WEM Process Monitor

The Process Monitor is a script used for monitoring and maintaining WEM application software processes. It provides the flexibility of being run as a stand-alone program or a fully functional background daemon and is capable of logging to syslog and log file with customizable e-mail notification facilities. The ability to monitor and maintain these processes coupled with the ease and flexibility of this feature’s configuration ensure maximum availability and optimum server performance.

The processes are monitored based on rules defined within a configuration file stored on the server. These rules identify criteria for determining the action to be taken if the conditions are met. (For example, if a process becomes unresponsive, the rule could cause the process to be re-spawned.)

Basic parameters pertaining to the Process Monitor were configured as part of the WEM installation or upgrade process. However, additional parameters are available for fine-tuning its configuration to meet the needs of your network.

IMPORTANT:

When installing redundant servers, any WEM services started by the <ems/home>/server/servstart command and monitored by the Process Monitor are not started automatically.
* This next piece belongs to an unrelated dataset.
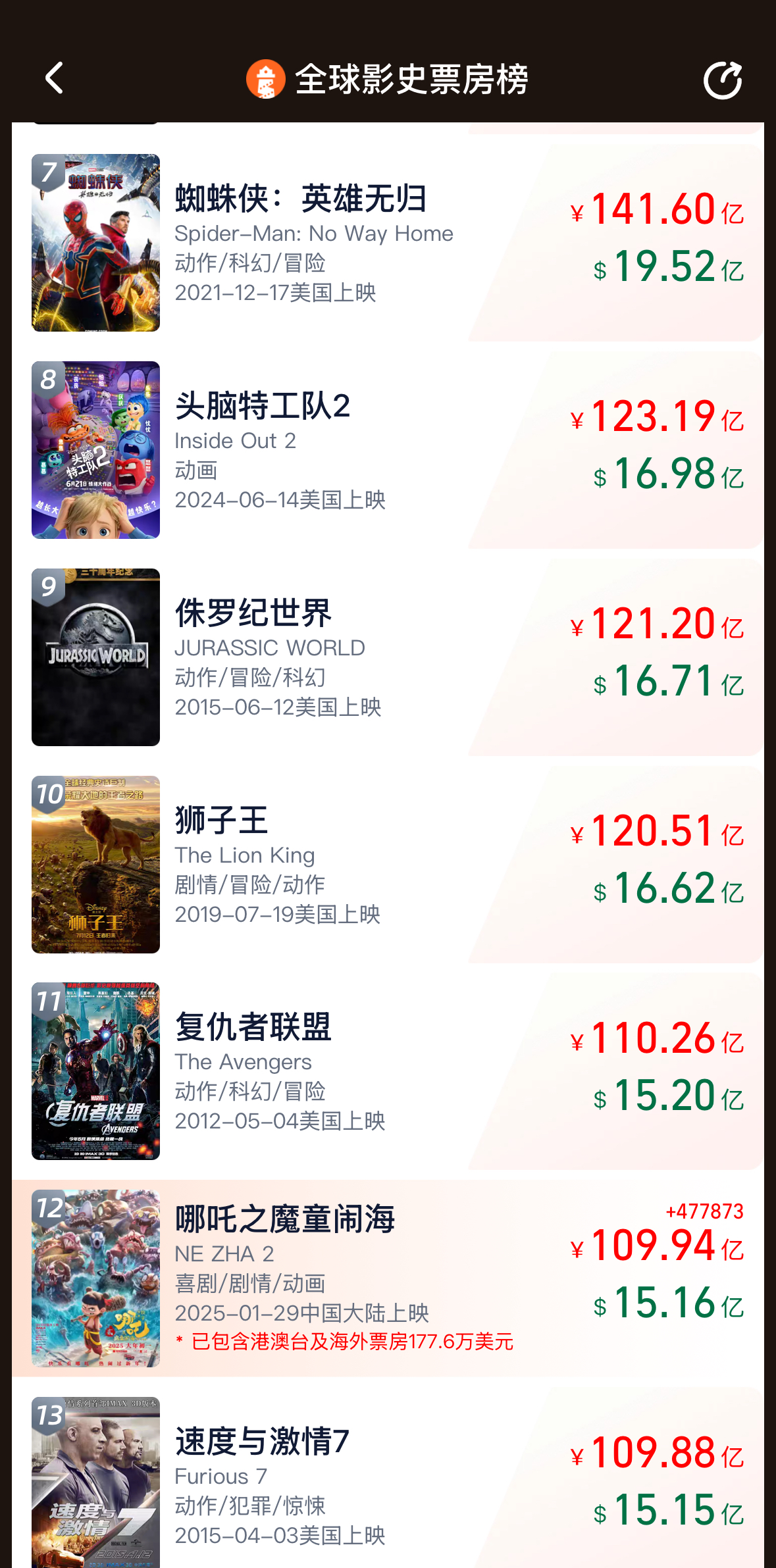 2月15日,据灯塔专业版数据,影片《哪吒之魔童闹海》全球票房(含预售)超越《速度与激情7》,进入全球影史票房榜前12名。

Refer to Appendix A for information on installing redundant servers using Oracle Cluster software.

This chapter provides information and procedures for modifying the Process Monitor’s operation using the configuration file.

This chapter includes the following topics:

IMPORTANT:

Unless otherwise specified, all information in this chapter applies to both Sun Solaris- and Red Hat Enterprise Linux-based WEM systems.
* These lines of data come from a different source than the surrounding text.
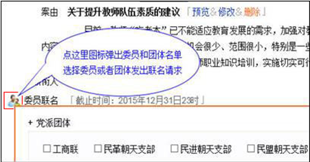 提交成功后系统自动跳转到提案内容页面,如果提案人还想邀请其他委员或者团体联名的,点击“委员联名”前面的图标弹出委员和团体名单,在对方用户名前面方框内划勾即可发出联名请求(如图5)。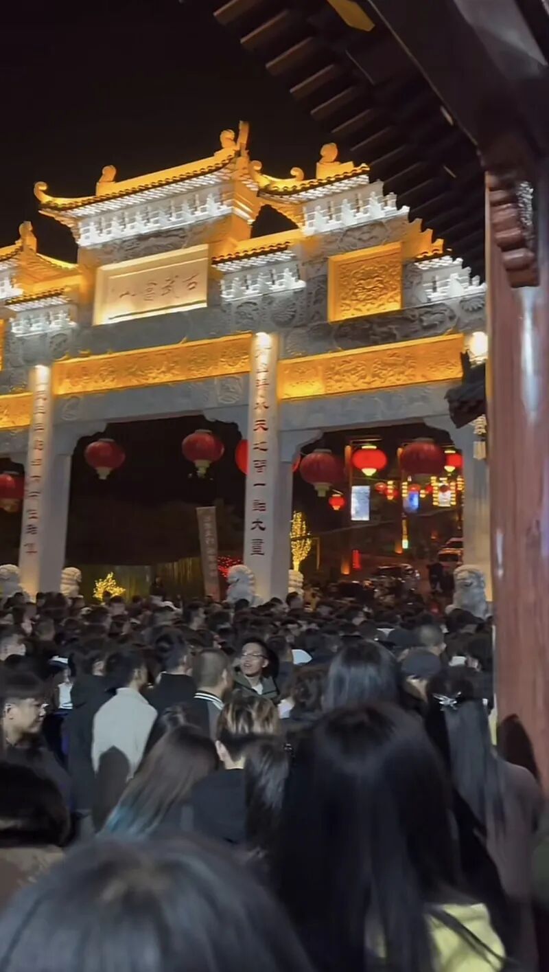 买了古武当山景区夜爬优惠票的林先生说,以上视频里看到的只是门口的景象,进门之后依旧是拥挤不堪,游客都挤在一起了根本难以往前走。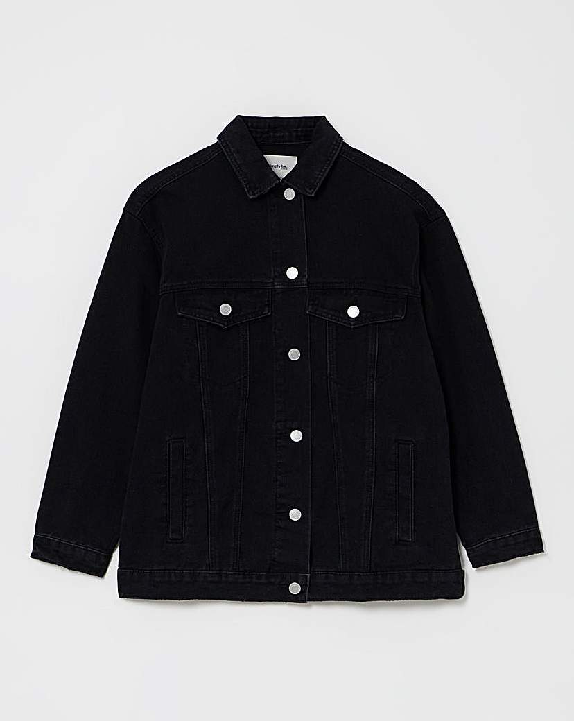 Simply Be Black Graphic Denim Jacket Washed Black - Simply Be - Size: 14

Process Monitor Configuration File

Processes are monitored based on rules defined within a plain-text configuration file called psmon.cfg located in the /users/ems/server/etc directory (by default).
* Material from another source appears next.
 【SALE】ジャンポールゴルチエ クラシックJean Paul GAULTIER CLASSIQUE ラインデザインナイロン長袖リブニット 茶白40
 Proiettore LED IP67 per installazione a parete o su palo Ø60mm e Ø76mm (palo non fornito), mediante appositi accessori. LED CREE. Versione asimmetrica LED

Rules are defined within the file using the following syntax:
<Process process_id>
    processing-directives directive_variables
</Process>
The following table provides the syntax descriptions.
Table 1. psmon.cfg Rule Syntax Descriptions
Syntax Description
<Process process_id>

Identifies the process to be monitored.

The process can be identified by name (i.e. ssh) or by URL (i.e. /users/ems/server/bin/server). Additionally, a wildcard (*) can be specified for monitoring all the processes.

Note:

To maintain proper system operation, extreme care should be taken when specifying the wildcard.

processing-directives directive_variables

Identifies the criteria that must be met before action is taken as well as the action to be taken. The criteria are referred to as “Directives”, while the actions are referred to as “Process Scope Directives”.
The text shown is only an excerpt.